Goodman’s group circled back and playtested a character with the attach ability, as well as the cloning ultimate. The latter made it into the game with some adjustments, while the attaching skill cut because of negative feedback about how difficult it was to counter.

At first, Echo cloned her allies. That, plus the attachment, was a major problem for opponents.

“It felt pretty oppressive,” Goodman said. “You would like attach to your Genji and then wait for him to get his ult; then you’d ult him. So then you’d become a Genji with your ult also. And then you’d both ult at the same time, and it was like, ‘How do we stop two Genjis dashing around our team?’ It’s like impossible.”

Echo was shelved once again by the development team as they struggled to find a way to make her competitively viable without breaking their game. The clone ability presented a tricky situation in terms of duration, the use of ultimates in a game that centers heavily around them and all the tech issues that would come with seamlessly creating a character that could, for a short yet meaningful amount of time, become another character, use those characters’ unique abilities and then transform back into herself.

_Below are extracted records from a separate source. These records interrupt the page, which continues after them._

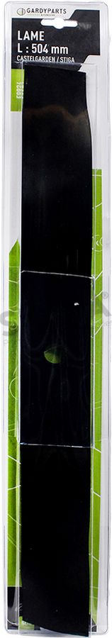 Lame mulching adaptable pour tondeuse CASTELGARDEN pour modèle Variolux 53BCAH, HONDA et STIGA - L: 504mm, alésage central: 18,3mm, entraxe: 65mm. Remplace origine: 81004381/1, 181004381/1, 1111-9726-01. (sous coque).
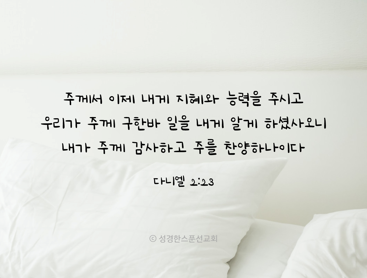 🔅오늘의 성경 한스푼/말씀카드 주께서 이제 내게 지혜와 능력을 주시고 우리가 주께 구한바 일을 내게 알게 하셨사오니 bibleonespoon 2022. 11. 4. 08:17 핸드폰 배경화면, SNS 프로필 사진, 암송카드 등 개인적인 용도로는 자유롭게 활용하셔도 좋습니다. (2-3초간 꾹 누르시면 이미지 저장이 가능합니다♡) 공유하기 게시글 관리 성경한스푼선교회 '🔅오늘의 성경 한스푼/말씀카드' Related Articles 지극히 높으신 하나님이 내게 행하신 이적과 기사를 내가 알게 하기를 즐겨하노라 그 하나님 밖에는 다른 신을 섬기지 아니하며 그에게 절하지 아니한 종들을 구원하셨도다 일의 결국을 다 들었으니 하나님을 경외하고 그의 명령들을 지킬지어다 하나님이 다니엘로 하여금 환관장에게 은혜와 긍휼을 얻게 하신지라
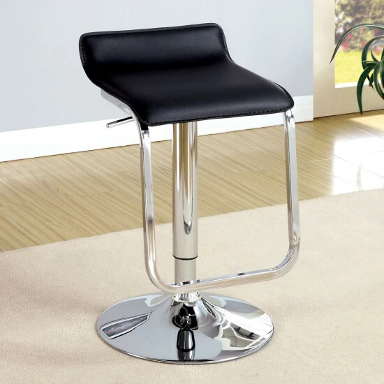 Choose the Ced contemporary swivel bar stool to make a design statement in a casual modern space. Its novel design suggests a turn in modern thinking that repurposes classic retro style. From Furniture of America, this dynamic bar stool offers a brilliant chrome finish metal frame with a round base and a novel U-shaped footrest that becomes a prominent part of its design. A sensually curved waterfall seat is wrapped in smooth faux leather, adding a defining contrast. Enjoy the ability to swivel a full 360 degrees and adjust its height setting with a pneumatic gas lift system.
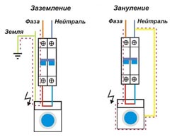 Если говорить максимально по простому, то зануление провоцирует моментальное отключение электроэнергии при опасном контакте человека и провода под напряжением. А заземление мгновенно отводит опасное напряжение в землю.
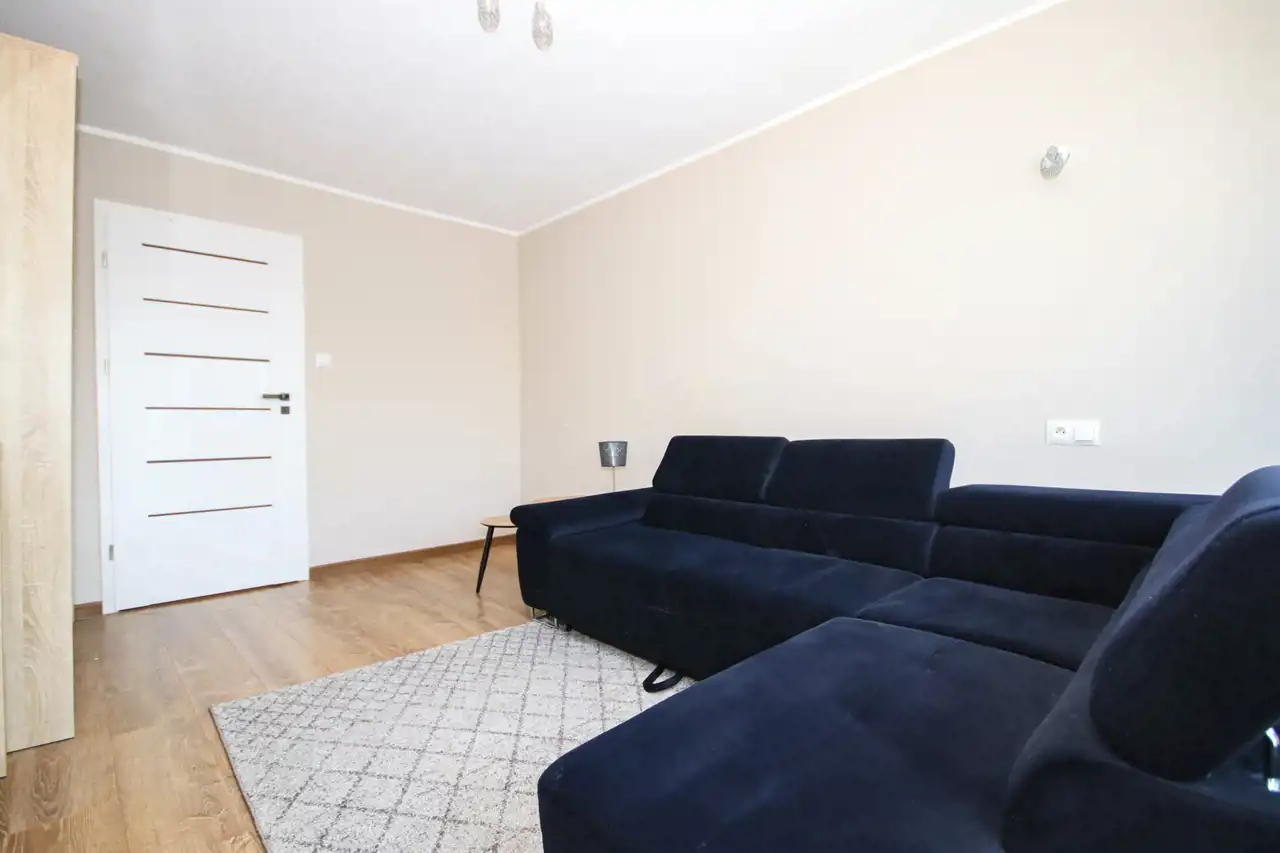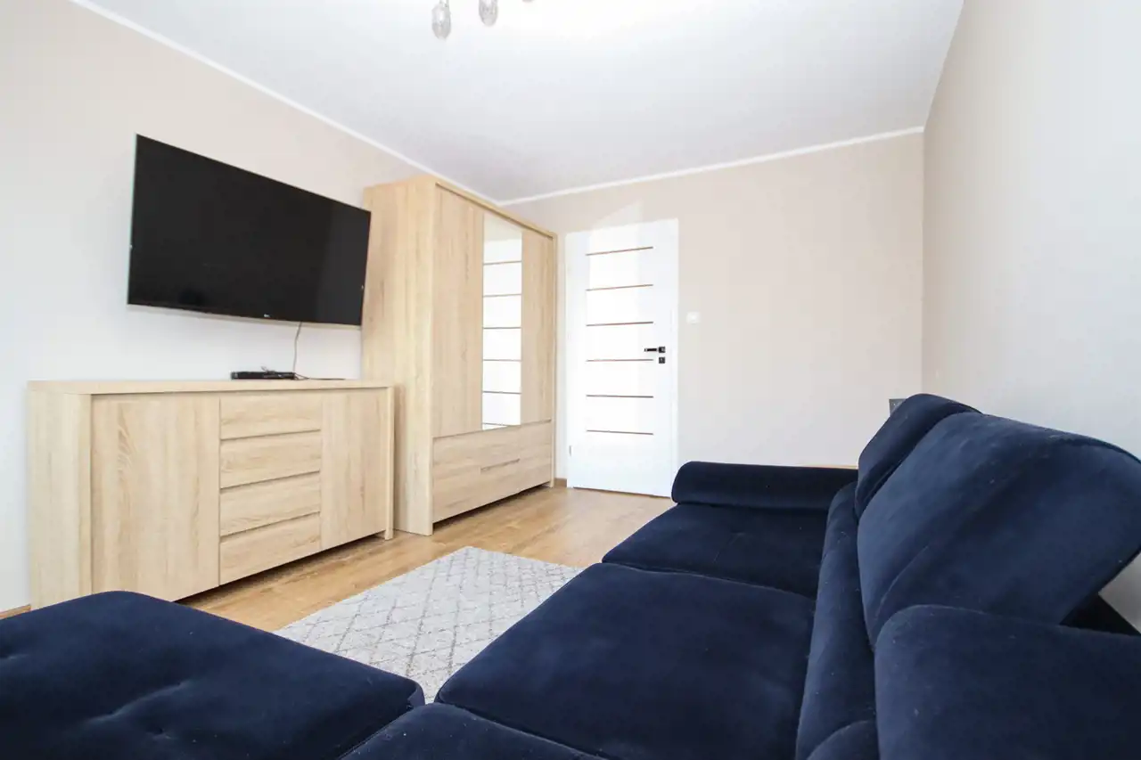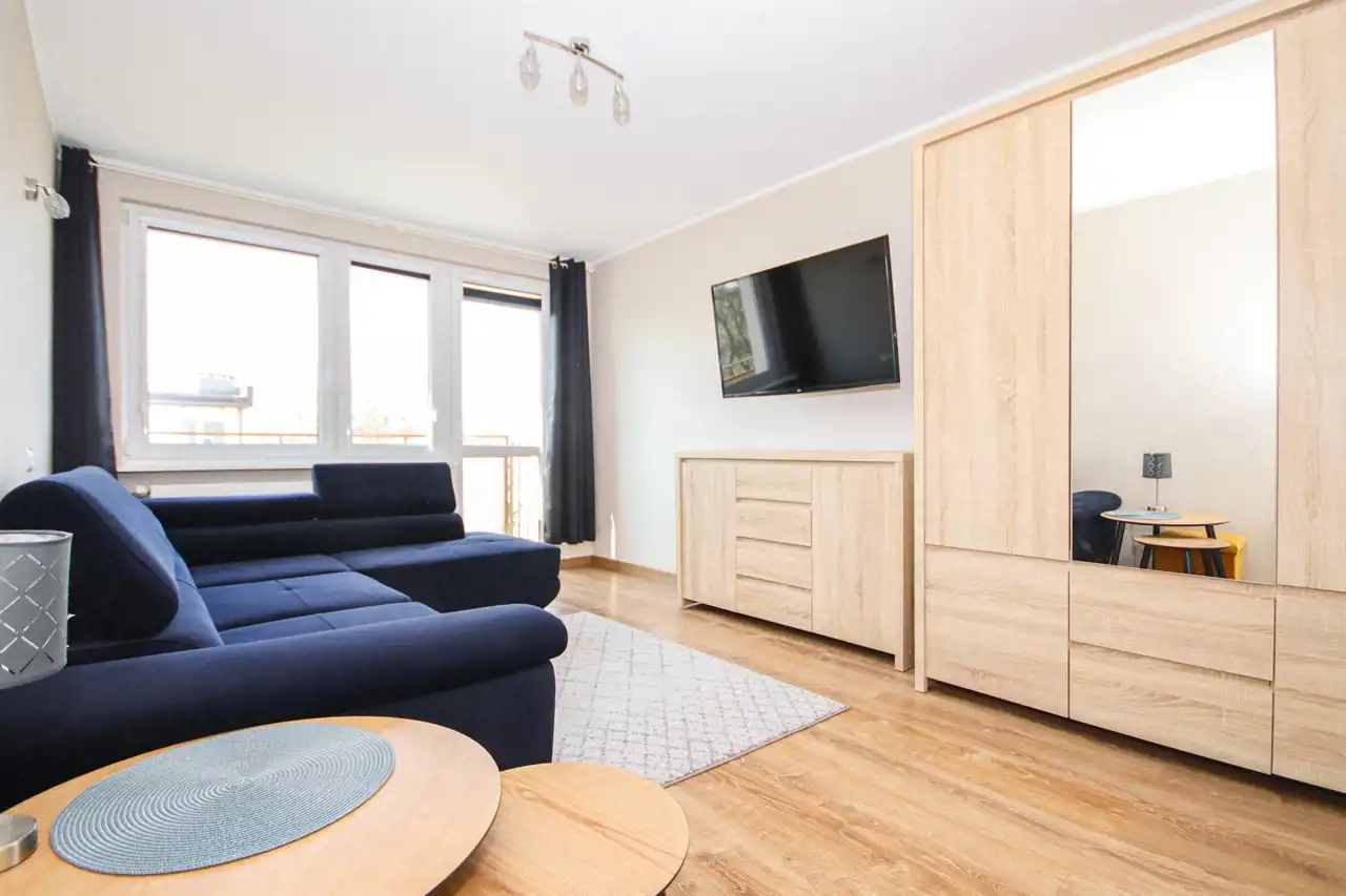 Salon jest przestronny i jasny, wyposażony w dużą sofę narożną, telewizor, komodę oraz pojemną szafę. Duże okna zapewniają doskonałe doświetlenie wnętrza.

Overwatch developers continued to try to find a way to sort through the software coding in game while also ensuring that players both on low-end PCs and consoles could play as the character they wanted to develop, given the lower amount of RAM and processing power available to those players.

Unlike any character before her, Echo presented a unique challenge in that regard.

Amid the grappling with hurdle after hurdle, the Overwatch community was left longing for Echo — and it certainly did so. Overwatch fans wanted to play the character they saw in “Reunion.” Once they decided to make Echo priority No. 1 on the character-building list, it took the Blizzard team roughly six months to make a version of Echo that didn’t totally crush the competition, Goodman said. That process lasted all the way through this winter.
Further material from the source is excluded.